Bare with me peepzzzzz . . . some picz R blurry = ]
substrate is construction rough rocks, dolomite, organic soil with peat moss enriched with calcium, regular construction sand to seal it all in and blue rock I had lying around. Hopefully everything turns out alright. It's been up for 2 weeks and I added a few plants here and there today. I put in some RCS shrimps and they have been happy for 1 week so far. Anyway, here they are and I will post some of my other tanks when I can. Go easy on me as I am still new ;] but I can take a hint or two. . . enjoy.


----------



## laurahmm (Apr 1, 2010)

nice tank Oliver  what fish are you keeping in this tank?


----------



## Oliver (Apr 2, 2011)

I want to put my pair of Nannacara Anomala.
Maybe some fancy guppies.


----------



## KaylaBot (Jun 21, 2011)

It's looking good =D I've never tried a planted tank. One day maybe!
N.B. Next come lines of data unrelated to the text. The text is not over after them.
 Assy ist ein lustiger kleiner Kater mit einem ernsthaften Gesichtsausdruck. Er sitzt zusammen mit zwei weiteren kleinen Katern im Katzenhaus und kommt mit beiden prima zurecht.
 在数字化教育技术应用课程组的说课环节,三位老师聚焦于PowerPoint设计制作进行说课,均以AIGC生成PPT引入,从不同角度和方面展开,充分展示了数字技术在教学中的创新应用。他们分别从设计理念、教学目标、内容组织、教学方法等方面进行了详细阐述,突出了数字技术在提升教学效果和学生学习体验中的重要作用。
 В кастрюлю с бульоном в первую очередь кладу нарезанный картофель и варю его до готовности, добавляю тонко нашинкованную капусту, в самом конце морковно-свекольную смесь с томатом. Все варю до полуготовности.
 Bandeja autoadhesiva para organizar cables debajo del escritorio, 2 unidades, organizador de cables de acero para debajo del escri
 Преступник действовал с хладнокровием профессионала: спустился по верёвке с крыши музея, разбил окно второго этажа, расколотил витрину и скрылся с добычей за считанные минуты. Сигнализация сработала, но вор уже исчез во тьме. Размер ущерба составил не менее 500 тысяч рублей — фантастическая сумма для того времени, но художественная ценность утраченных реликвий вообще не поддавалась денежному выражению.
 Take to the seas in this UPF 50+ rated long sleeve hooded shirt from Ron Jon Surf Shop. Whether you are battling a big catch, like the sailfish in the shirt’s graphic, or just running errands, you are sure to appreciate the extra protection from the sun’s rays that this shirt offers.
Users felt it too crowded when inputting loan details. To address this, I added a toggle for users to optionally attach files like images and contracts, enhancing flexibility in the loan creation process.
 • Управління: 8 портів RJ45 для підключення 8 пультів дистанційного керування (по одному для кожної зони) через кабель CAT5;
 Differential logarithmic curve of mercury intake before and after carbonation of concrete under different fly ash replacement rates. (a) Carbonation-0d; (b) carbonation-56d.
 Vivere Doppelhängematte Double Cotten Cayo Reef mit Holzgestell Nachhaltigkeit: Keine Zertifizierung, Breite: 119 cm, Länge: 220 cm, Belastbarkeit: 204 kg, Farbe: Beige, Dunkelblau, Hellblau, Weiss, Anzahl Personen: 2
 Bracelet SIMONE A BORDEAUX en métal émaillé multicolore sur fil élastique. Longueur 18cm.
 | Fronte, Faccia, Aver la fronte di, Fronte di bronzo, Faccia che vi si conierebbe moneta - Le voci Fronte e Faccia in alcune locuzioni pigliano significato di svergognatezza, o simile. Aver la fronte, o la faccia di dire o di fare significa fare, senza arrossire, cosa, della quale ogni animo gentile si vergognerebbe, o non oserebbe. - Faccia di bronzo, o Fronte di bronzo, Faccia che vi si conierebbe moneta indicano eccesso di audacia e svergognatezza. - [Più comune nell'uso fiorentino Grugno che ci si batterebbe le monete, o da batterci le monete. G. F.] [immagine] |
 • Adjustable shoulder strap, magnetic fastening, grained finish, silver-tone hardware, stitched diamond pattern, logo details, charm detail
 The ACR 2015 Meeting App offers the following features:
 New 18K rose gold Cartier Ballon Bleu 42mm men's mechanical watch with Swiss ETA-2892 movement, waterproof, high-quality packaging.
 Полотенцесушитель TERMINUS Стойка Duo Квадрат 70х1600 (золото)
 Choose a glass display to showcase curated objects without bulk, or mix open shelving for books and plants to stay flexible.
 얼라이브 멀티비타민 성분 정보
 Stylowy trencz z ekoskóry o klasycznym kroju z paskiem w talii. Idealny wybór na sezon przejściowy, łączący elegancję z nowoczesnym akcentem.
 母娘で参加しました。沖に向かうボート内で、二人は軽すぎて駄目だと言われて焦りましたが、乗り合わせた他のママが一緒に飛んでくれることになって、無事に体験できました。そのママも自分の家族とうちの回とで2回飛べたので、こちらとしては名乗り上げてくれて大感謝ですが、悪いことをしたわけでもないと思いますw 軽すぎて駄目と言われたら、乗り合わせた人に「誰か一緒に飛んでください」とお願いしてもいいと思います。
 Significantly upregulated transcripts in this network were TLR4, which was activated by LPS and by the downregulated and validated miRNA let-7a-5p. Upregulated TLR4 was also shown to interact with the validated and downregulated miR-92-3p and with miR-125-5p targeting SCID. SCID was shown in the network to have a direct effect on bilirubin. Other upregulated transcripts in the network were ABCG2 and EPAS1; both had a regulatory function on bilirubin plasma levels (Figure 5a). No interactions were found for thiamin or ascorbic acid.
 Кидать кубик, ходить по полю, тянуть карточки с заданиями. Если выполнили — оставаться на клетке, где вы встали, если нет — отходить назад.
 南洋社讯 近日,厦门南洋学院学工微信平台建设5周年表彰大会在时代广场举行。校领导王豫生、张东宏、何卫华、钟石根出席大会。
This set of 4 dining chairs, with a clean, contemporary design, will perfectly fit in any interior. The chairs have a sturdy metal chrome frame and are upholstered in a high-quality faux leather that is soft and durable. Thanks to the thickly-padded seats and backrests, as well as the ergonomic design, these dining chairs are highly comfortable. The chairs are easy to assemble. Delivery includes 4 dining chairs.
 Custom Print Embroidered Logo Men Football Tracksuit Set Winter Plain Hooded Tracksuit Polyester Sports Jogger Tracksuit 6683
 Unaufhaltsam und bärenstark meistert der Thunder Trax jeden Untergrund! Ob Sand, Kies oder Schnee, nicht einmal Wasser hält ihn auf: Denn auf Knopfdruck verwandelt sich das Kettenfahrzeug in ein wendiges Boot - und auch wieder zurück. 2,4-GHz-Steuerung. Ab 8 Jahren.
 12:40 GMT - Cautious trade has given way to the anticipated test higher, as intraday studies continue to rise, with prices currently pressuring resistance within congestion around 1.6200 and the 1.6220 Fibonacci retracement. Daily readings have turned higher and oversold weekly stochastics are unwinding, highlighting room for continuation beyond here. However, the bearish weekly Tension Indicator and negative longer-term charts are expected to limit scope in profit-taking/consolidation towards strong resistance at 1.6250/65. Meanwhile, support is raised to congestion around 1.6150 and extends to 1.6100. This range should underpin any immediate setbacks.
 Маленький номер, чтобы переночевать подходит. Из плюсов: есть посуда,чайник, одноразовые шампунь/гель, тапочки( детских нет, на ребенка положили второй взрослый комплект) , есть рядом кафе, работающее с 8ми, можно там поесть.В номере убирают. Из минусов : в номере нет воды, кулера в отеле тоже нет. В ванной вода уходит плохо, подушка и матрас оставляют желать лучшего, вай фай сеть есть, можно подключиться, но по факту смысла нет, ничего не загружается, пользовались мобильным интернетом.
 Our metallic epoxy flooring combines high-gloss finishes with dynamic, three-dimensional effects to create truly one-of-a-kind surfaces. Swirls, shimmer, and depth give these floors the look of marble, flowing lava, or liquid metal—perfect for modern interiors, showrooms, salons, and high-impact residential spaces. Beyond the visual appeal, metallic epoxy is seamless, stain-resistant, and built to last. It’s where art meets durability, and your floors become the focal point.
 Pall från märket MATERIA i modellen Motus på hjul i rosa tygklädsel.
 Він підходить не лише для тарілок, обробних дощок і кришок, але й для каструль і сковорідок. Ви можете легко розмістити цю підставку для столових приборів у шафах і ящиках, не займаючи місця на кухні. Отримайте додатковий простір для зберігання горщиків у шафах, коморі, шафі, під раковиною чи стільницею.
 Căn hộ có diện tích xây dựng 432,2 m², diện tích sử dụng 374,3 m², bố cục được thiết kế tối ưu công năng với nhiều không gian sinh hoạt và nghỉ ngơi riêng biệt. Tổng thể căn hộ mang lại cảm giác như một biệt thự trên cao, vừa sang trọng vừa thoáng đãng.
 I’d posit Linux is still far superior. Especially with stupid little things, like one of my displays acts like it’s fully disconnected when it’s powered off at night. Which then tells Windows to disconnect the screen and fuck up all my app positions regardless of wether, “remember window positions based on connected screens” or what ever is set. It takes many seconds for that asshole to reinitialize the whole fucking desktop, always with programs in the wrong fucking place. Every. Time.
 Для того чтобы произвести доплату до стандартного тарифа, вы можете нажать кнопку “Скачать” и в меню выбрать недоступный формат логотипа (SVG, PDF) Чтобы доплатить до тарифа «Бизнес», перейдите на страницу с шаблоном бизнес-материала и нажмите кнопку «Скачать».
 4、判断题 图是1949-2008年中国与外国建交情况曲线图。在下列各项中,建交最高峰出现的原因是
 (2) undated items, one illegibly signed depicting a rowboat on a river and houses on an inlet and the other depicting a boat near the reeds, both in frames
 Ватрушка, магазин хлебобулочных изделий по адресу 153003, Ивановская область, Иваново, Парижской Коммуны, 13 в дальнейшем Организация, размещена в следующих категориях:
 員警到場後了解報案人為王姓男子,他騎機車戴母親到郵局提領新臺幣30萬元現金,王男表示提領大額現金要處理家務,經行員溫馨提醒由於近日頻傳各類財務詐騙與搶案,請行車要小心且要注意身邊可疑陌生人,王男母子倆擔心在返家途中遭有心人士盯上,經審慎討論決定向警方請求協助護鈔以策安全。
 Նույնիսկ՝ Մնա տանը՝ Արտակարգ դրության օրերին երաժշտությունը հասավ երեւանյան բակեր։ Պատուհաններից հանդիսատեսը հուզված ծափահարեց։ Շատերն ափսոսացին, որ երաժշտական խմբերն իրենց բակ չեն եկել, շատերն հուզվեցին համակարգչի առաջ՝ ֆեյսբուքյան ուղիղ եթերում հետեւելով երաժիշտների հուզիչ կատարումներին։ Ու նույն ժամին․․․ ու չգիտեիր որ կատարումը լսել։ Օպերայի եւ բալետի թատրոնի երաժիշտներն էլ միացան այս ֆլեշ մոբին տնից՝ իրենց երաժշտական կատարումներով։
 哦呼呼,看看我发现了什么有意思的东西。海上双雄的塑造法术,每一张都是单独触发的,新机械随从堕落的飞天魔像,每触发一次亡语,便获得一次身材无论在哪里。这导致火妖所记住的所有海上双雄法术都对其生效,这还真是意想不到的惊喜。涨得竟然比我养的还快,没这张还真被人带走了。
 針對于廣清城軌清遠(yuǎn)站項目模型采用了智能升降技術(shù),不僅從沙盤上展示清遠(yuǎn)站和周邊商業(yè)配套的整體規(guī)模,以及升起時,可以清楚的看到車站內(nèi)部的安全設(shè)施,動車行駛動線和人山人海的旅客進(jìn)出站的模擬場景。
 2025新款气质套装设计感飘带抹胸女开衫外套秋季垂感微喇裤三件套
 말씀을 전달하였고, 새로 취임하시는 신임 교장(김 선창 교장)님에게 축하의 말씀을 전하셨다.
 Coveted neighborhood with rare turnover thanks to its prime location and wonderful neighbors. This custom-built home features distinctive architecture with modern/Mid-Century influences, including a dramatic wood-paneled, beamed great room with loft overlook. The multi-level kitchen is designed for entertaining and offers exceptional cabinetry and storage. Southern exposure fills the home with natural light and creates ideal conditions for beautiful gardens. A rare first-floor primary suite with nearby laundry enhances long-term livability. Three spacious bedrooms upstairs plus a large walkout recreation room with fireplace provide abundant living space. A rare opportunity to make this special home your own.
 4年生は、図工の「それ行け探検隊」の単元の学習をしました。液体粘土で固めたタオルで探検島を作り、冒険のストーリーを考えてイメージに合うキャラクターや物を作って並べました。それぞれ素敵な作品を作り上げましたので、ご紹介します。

Keep up the good work!


----------



## Oliver (Apr 2, 2011)

10Q Kay ;]

How's CHEEKOO doing?

Has he made any friends yet?


----------



## KaylaBot (Jun 21, 2011)

Hahahah he's great! He hangs out with my balas and prochilodus! I just posted a pic of him actually!


----------



## Ciddian (Mar 15, 2006)

Really nice start to that tank


----------